With non-compulsory voting, the usual situation is that things have to be, or seem to be, very bad indeed to mobilize a big voter turnout.
Bush stank to high heaven and my take is that the thought of another Republican President mobilized the masses to get out and vote.
I’m not sure that Obama has reached Gorgonzola status just yet, so I predict a low voter turnout which may favor the Republicans.
@Stevo
Give me a break .. Australian’s re-elected Mr McGoo how many times? ..lol
Shrub won in 2000 by a hanging chad filled nose against a terminally boring Al Gore terribly tainted by Clinton scandal and only won again in 2004 because John Kerry’s campaign somehow managed to make Gore’s look great by comparison.
Oh, and the GOP’s resident Dr Evil, Karl Rove cleverly conspired to get 4 million toothless, witless pitch fork wielding religious weirdos, who normally don’t vote at all, out of their basements to vote for anti gay marriage constitutional amendments in 11 states.
The current “enthusiasm gap” has less to do with Obama’s own failings than it has to do with the fact that members of his own party, notably the BlueDog pro lifers and that prissy self absorbed prick Joe Lieberman consistently voted with the Replicants to block Obama’s legislative agenda for purely personal reasons.
Obama has made errors yes but the Dems biggest problems have been rooted in their own lack of unity
You also seem to miss the fact that those radical libertarian Tea Party toss pots have done much to alienate the bible bashing base of the Replicant Party by NOT constantly prattling on about Roe Vs Wade and how “faggits iz gnawing at the moral fabric of ‘murica”

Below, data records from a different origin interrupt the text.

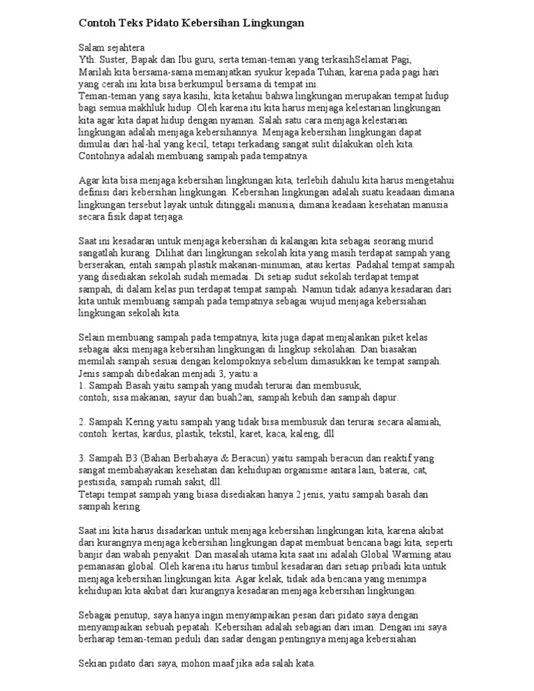 Contoh Teks Ceramah Tentang Kebersihan Lingkungan. Posted by Elderian Posted on 1557 with No comments. Pidato Tentang Sampah Plastik.
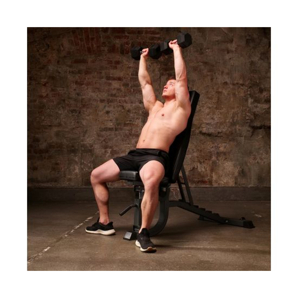 Универсальная силовая скамья DFC D100834 с прочной рамой и нетипичными сиденьем и спинкой. Толщина - целых 70 мм, что делает их долговечнее и комфортнее для тренировок.Рама скамьи изготовлена из стального профиля размерами 50х70х1,5 мм. Сиденье и спинка сделаны из прочного водостойкого материала. На задней опоре есть транспортировочные ролики: скамью удобно перемещать, взявшись за ручку в передней части. Максимально допустимая нагрузка — 300 килограмм.Особенности тренажёраСпинку можно зафиксировать в 6-ти положениях — от 90 до 180 градусов. Фиксируется она при помощи упора на обратной стороне. Поменять положение легко, приподняв спинку и установив упор в нужном месте. Сиденье фиксируется в 5-ти положениях - от 158 до 180°. Благодаря конструкции с узкими передними ножками, упражнения наподобие жима гантелей выполнять ещё удобнее.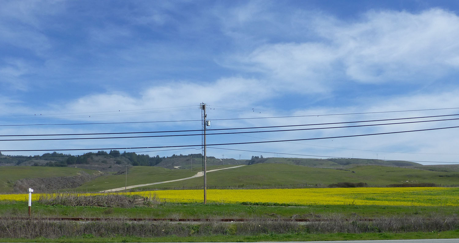 The field of yellow flowers (next) was eye-popping set into the drabber grasses…

IMO, one of the Toxic Tea Party’s greatest achievements thus far has been doing more to undermine that Republicunt shotgun marriage of convenience between God and Mammon (Socially Conservative Religious Wing Nuts and Gun luvin, IRS hatin’ Libertarians) in the past two years than the Democrats have managed to do in the past two decades
This will all come down to whether the Dems can finally come together as a party, forge a singular, cogent agenda and run an effective campaign against a Replicant Party which is in complete disarray as radical libertarian and PaleoConservative wing nuts struggle in a death roll to decide who will run the GOP for the next decade.
@Socratease
I suspect fear of returning to the Bush agenda of cutting taxes/regulation for the rich and services/living standards for the poor and middle class may get more Dems out to vote than you think.
I am hopeful that despite the Right Wing Noise Machines best attempts to convince them otherwise, most Americans still remember what caused the GFC.
The Tea Party is the best thing that could have happened to the Democrats in these mid terms. What was looking like a crushing defeat, has now been rolled back somewhat. I think you’ll find many conservatives voting for the Democrats as they just find the Tea Party movement far too radical. Of course the Democrats will still lose a lot of seats, but the number can now be softened somewhat.